Needless to say, the SafeTzone investment went badly, “and by the time Bill died in May of 2005, the family trust’s stake in the company was worth relatively little.”  In response, four children sued Tim for breach of his fiduciary duties, alleging that the investments he made as trustee during his father’s lifetime were in violation of the fiduciary duties owed to them as successor beneficiaries under the trust.

Comment – The court found that Bill invested in SafeTzone of his own free will, and was not unduly influenced by Tim, the trustee.


Tim lost badly at trial, but the appeal court fully vindicated him.  Specifically, the court of appeal focused “on the question of whether respondents have standing to maintain claims for breach of fiduciary duty and to seek an accounting against [Tim] based upon his actions as trustee during the period prior to Bill’s death.”

The court’s analysis was as follows.  “In this case, the family trust was revocable by Bill during his lifetime, and thus Tim’s duties as trustee were owed solely to Bill, as settlor, and not to respondents …As explained by our Supreme Court, ‘property transferred to, or held in, a revocable inter vivos trust is deemed the property of the settlor.’”

The court continued.  “A settlor with the power to revoke a living trust effectively retains full ownership and control over any property transferred to that trust.  Any interest that beneficiaries of a revocable trust have in trust property is merely potential and can evaporate in a moment at the whim of the settlor.”

As explained by the court, “statutes recognize that when property is held in a revocable trust, the settlor and lifetime beneficiary has the equivalent of full ownership of the property.  Thus, during Bill’s lifetime, Tim’s duties as trustee were owed solely to Bill – the settlor with the power to revoke – and not to respondents. Instead, respondents occupied a position analogous to heirs named in a will.

Revocable living trusts are merely a substitute for a will.  And just as a will ‘speaks’ only as of the date of the testator’s death, a revocable trust confers enforceable property interests to the beneficiaries only at the time it becomes irrevocable. Prior to that time, those beneficiaries have no rights to the trust property, and thus no say in how it is managed.”

The court made plain its position.  “In our view, the statute supports the conclusion beneficiaries lack standing – ever – to assert claims based upon conduct occurring during the settlor’s lifetime.”

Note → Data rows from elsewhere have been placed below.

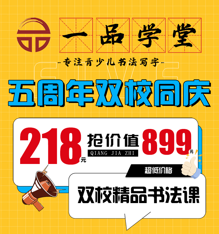 我正在参加【一品学堂 】五周年双校同庆活动!218元抢购价值899元精品书法课!更有诸多好礼等您拿~
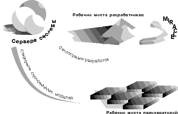 клиентскую часть, сервер баз данных и специализированный сервер системы Miracle.
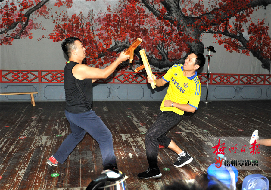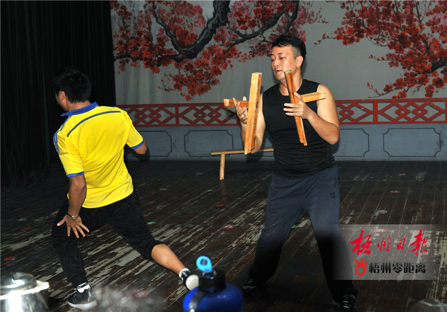 演員在練習拐棍開打。 李杰峰和陳耀歡兩人是師兄弟,1995年起在武生這一行當堅持至今,他們都是梁向光的師弟。對于他們倆來說,武生的艱苦就如同吃飯喝水一樣平常,日子久了,便不覺得苦了。在陳耀歡的記憶中,印象最深刻的一次排練是因為不小心把手折斷了。李杰峰清楚地記得當時陳耀歡并不知道自己的手斷了,是同學告訴他,他才慢慢意識到痛感,幸好那時候還年輕,恢復得快,對表演并沒有造成影響。這事沒有阻擋陳耀歡對粵劇、對武生事業的熱情。工作之后,他們才發現,在學校學習到的東西是遠遠不夠的,直至今天,經驗豐富的他們仍在不斷的學習當中,同時利用業余時間鍛煉身體,以最好的狀態面對每一場演出和每一次排練。
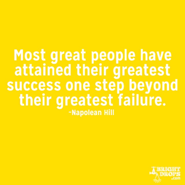 I love this. It's really something to make you stop and take pause and give you great hope. Just because you might be in a place that makes you feel like you're a failure, doesn't mean you will stay one. It is from these setbacks that we experience from time to time, that shows us that if we persevere, greater things are ahead of us. We have to remember that this journey will probably have a long and rocky road that we have to navigate our way through, and that there might be many of what others might see as failures, but what really are just a bump in the road that is going to lead us to our greatest successes.
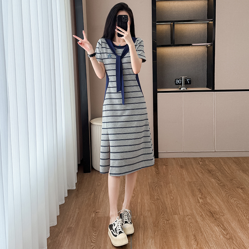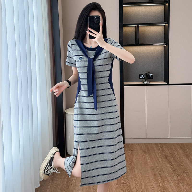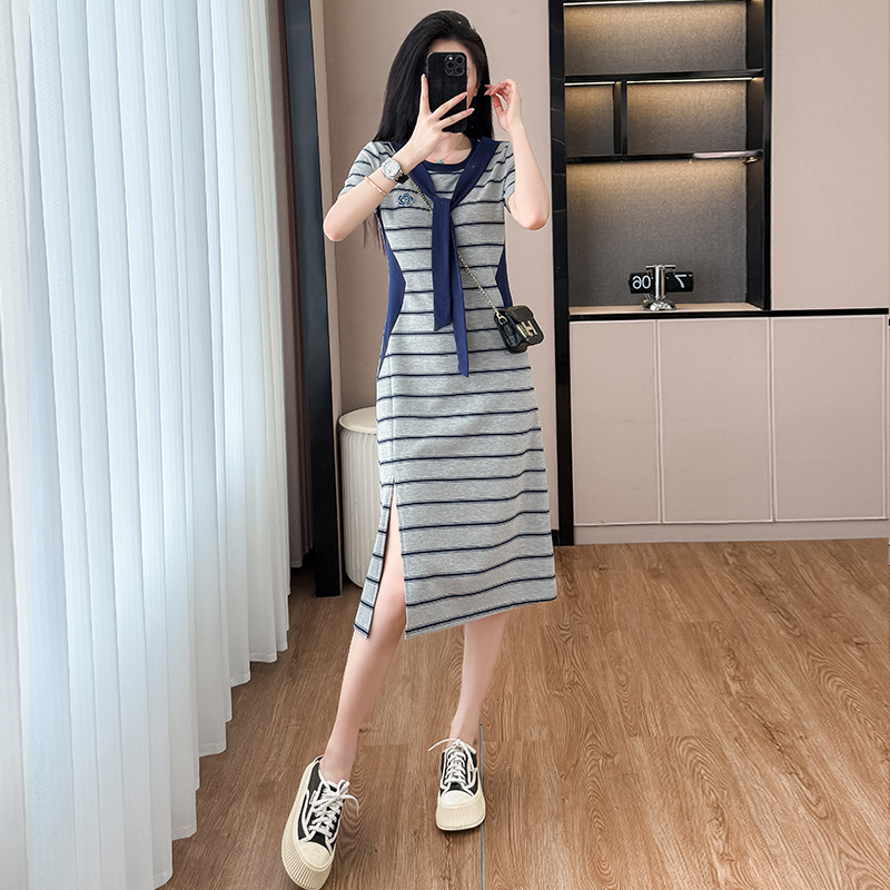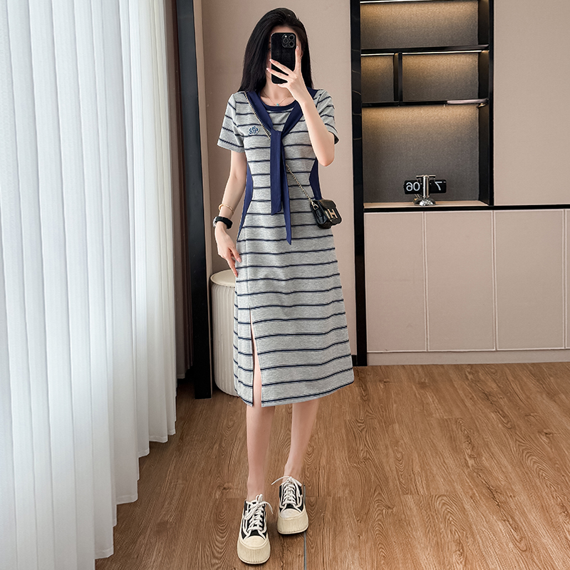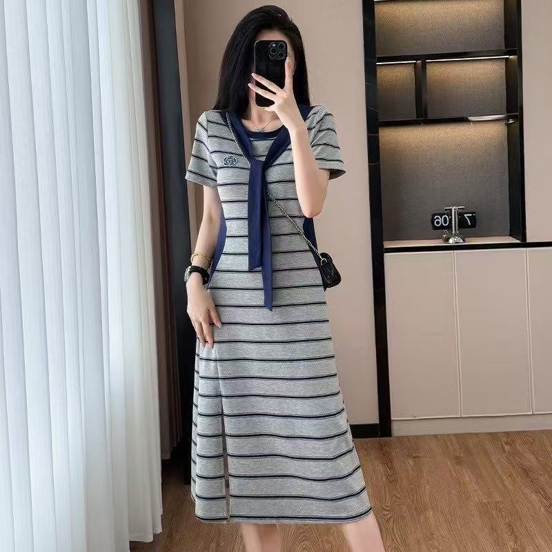 条纹连衣裙开叉设计感肩带山茶花遮肉显瘦时尚休闲中长款大码 服裝批發女裝批發服飾貨源
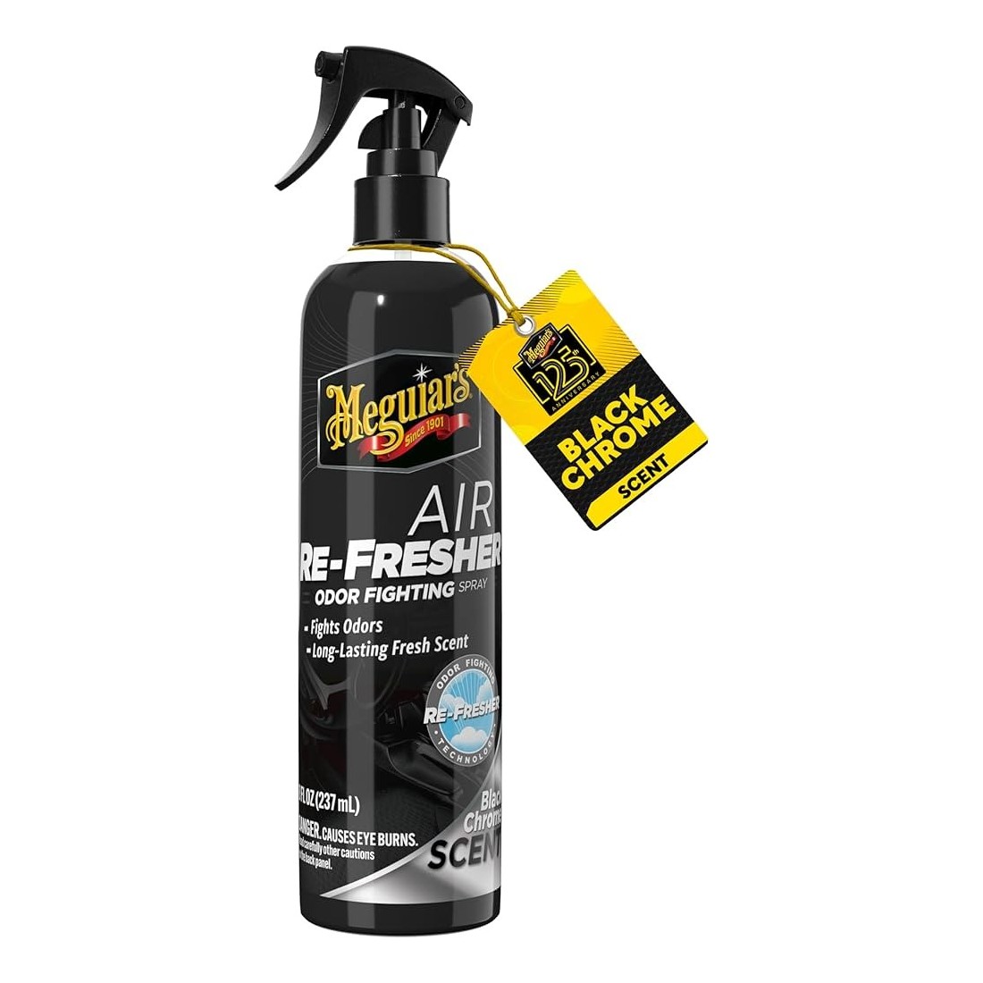 POUR UNE SENSATION DE FRAICHEUR ET DE PROPRE DANS VOTRE HABITACLE : Votre intérieur ne sent pas très bon ? Le spray destructeur d’odeurs Meguiar’s® est parfait pour chasser les mauvaises odeurs et les remplacer par un agréable parfum. Appuyez simplement sur la gâchette et vaporisez sur la surface textile concernée DÉSODORISANT PARFUM « BLACK CHROME » : Combat les odeurs tout en laissant un parfum rafraîchissant « black chrome » subtil et durable UN EFFET DURABLE EN SPRAY : Cette formule exclusive est facile à utiliser et offre une action longue durée ! Il suffit de vaporiser le tapis ou la surface textile concernée sans excès et de laisser le produit sécher. Ce spray anti-odeurs laissera un subtil parfum durable SPRAY ANTI-ODEURS : Ce spray haut de gamme offre une formule qui élimine parfaitement les odeurs dans les intérieurs de voitures. Il est également un excellent choix pour tout autre habitacle, comme ceux des camions, des SUV, des véhicules de loisirs, des bateaux, etc. L’intérieur de votre voiture dégage peut-être des odeurs indésirables ou n’est tout simplement pas très propre. Peu importe, nous avons la solution qui convient avec le spray anti-odeurs Meguiar’s® Parfum. Ce spray désodorisant premium pour voiture élimine instantanément les odeurs tout en laissant un parfum durable et rafraîchissant. Pratique et facile à utiliser. Vaporisez le produit sur le tapis ou le textile concerné et laissez-le sécher. Rapide et sans effort, il vous suffit de pulvériser. La technologie avancée "Air Re-Fresher" agit sur les odeurs en laissant une agréable impression de fraîcheur dans votre voiture.
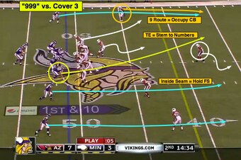 On Saturday night, quarterback Matt Cassel targeted Rudolph on the “999” concept (four verticals from a 3x1 alignment) to beat the Cardinals' three-deep coverage for a 51-yard touchdown.
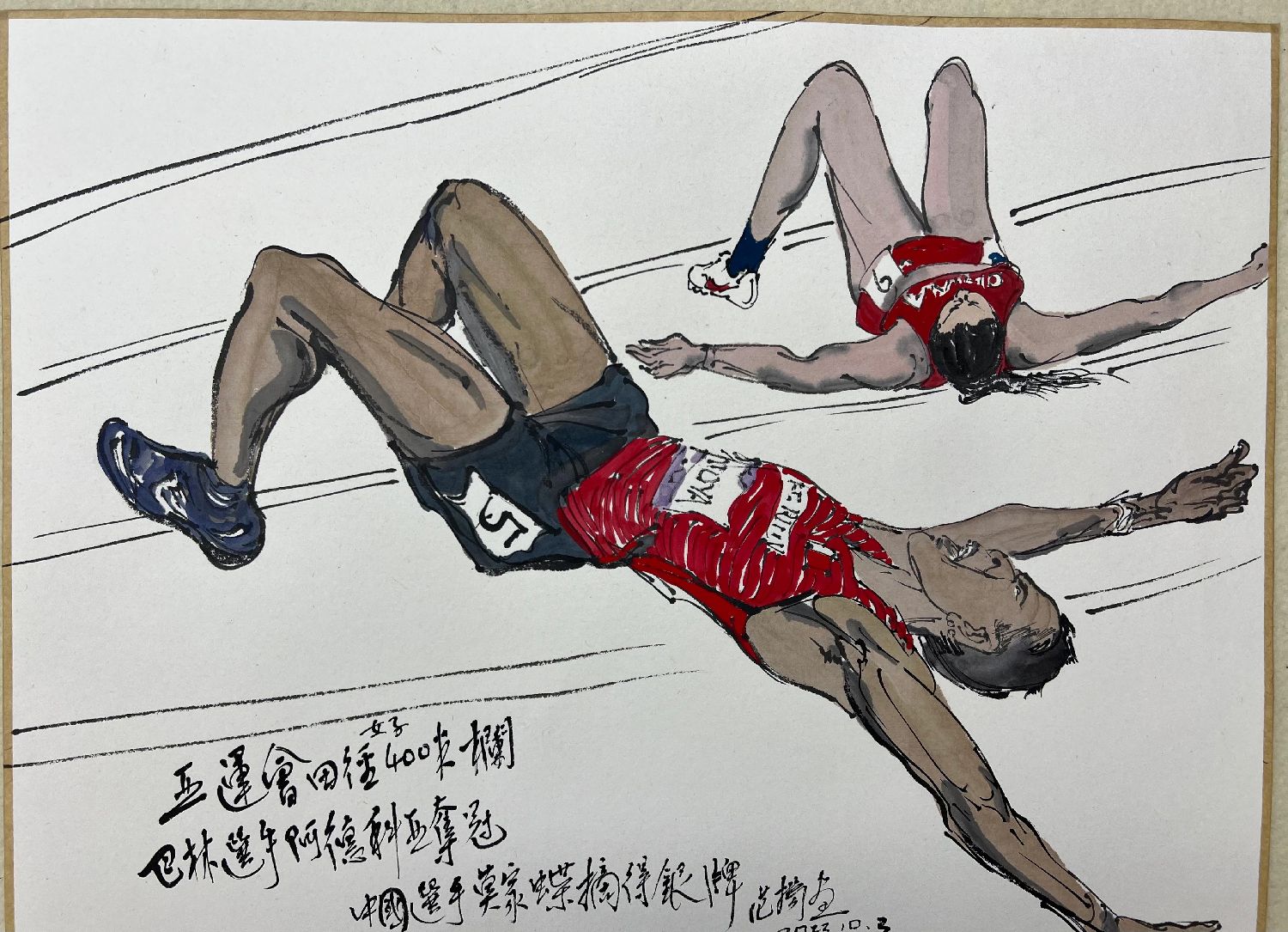 亚运会田径女子400米栏决赛中,巴林选手阿德科亚夺冠,中国选手莫家蝶摘得银牌,取得了不俗的成绩。画家画了她们冲刺后躺在跑道上的放松时刻。成绩来之不易!
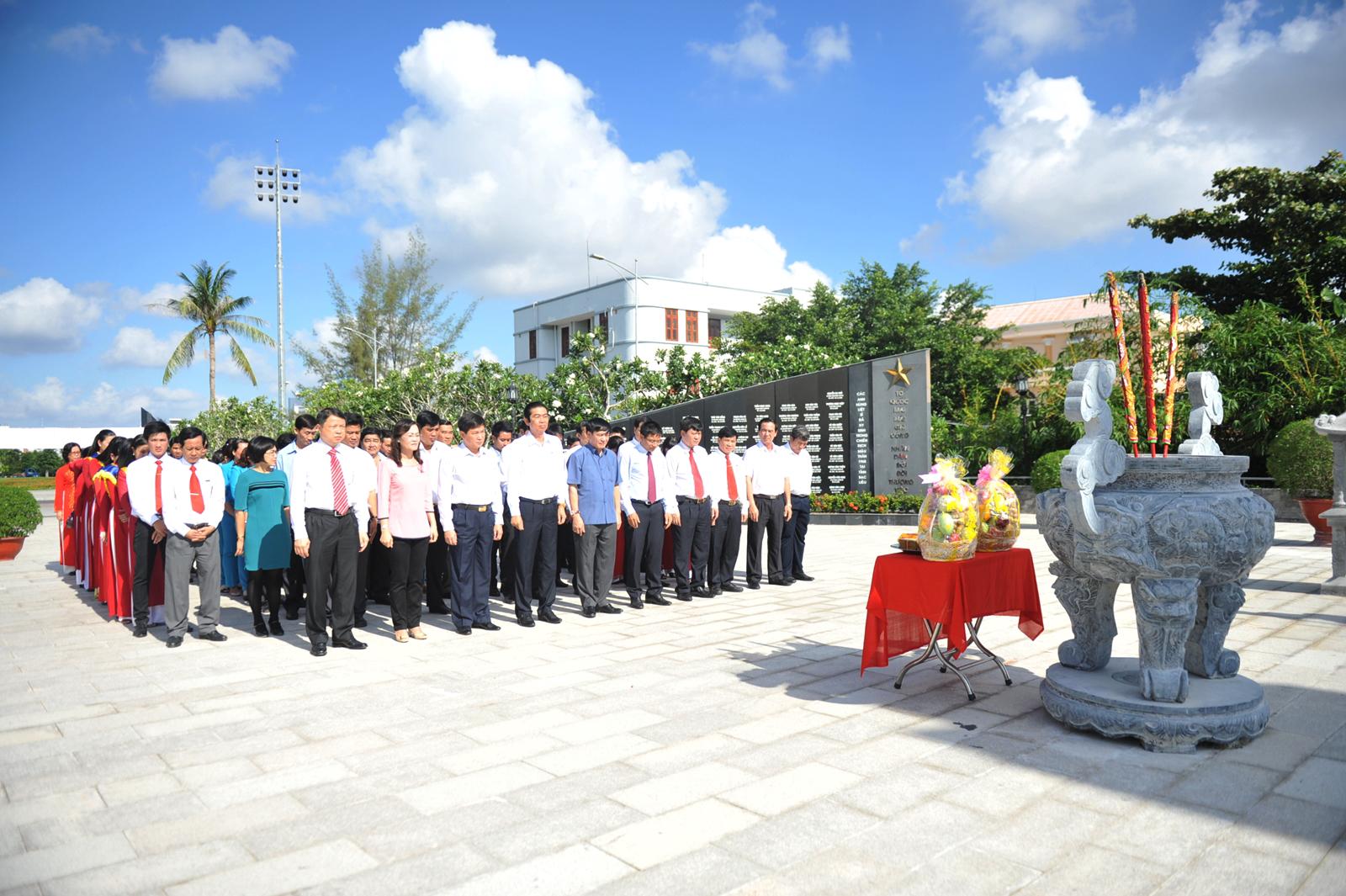 Đoàn đại biểu làm lễ tưởng niệm các AHLS tại Đài tưởng niệm Tết Mậu Thân 1968. Ảnh: MC
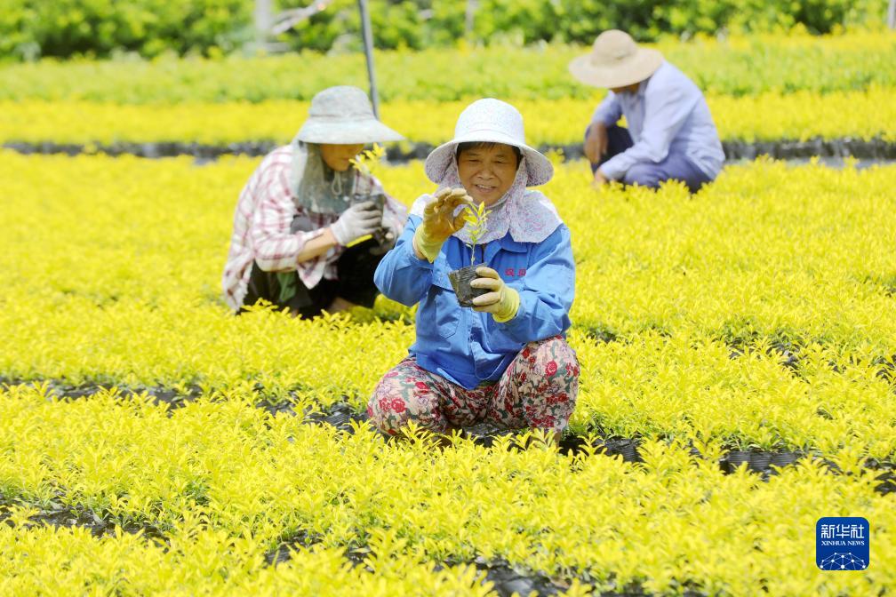 8月5日,在浙江省湖州市德清縣雷甸鎮雙溪村苗木種植基地,農民在管護苗木。
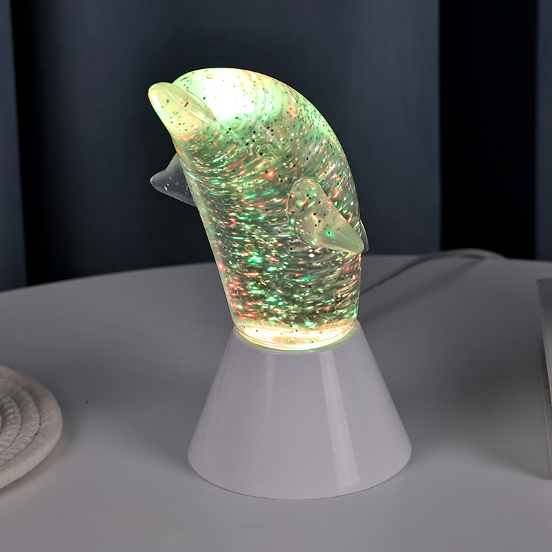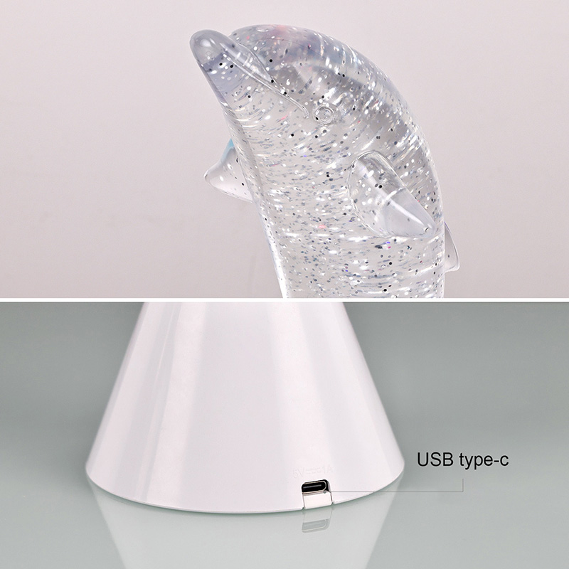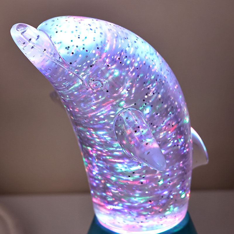 Dolphin Kid Gift Glitter RGB Nigh Light on kujundatud armsa delfiini kujuga, siledate joonte ja peente detailidega, mis taastavad täiuslikult delfiinide väleda kehahoiaku. Läbipaistva delfiinikarbi sees, litrite kujul Ebaregulaarsed liigutused võivad värve kaunilt peegeldada, luues rahuliku ja salapärase atmosfääri. Iga kord, kui seda lampi vaatate, on tunne, nagu oleksite sügavas ookeanis Nende hulgas tunnete looduse lõputut võlu Varustatud täiustatud RGB värvimuutva valgustustehnoloogiaga, mis võimaldab teil vabalt mitme värvi vahel vahetada. Olgu see siis soe oranž, romantiline roosa või rahulik sinine,

Also, Tim owed no “duty” to stop his father from making an “unwise” investment.  “That was not a claim Bill himself could have brought. ‘Stop me before I do something I’ll regret’ is not a recognized cause of action, even against the trustee of one’s revocable trust …

“Bill remained legally entitled to do what he wanted with the trust assets – which were effectively his own property – including doing financially risky or downright stupid things. No one – including Tim – had the authority to stop him. Thus, in the absence of an adjudication of Bill’s incompetency, we cannot discern any legal basis on which Bill might have justified holding Tim liable for carrying out Bill’s own wishes with regard to the assets in the family trust – even if those wishes appeared to be objectively unreasonable.”

Such a sound and well-reasoned opinion is welcome in an area that suffers from needless confusion.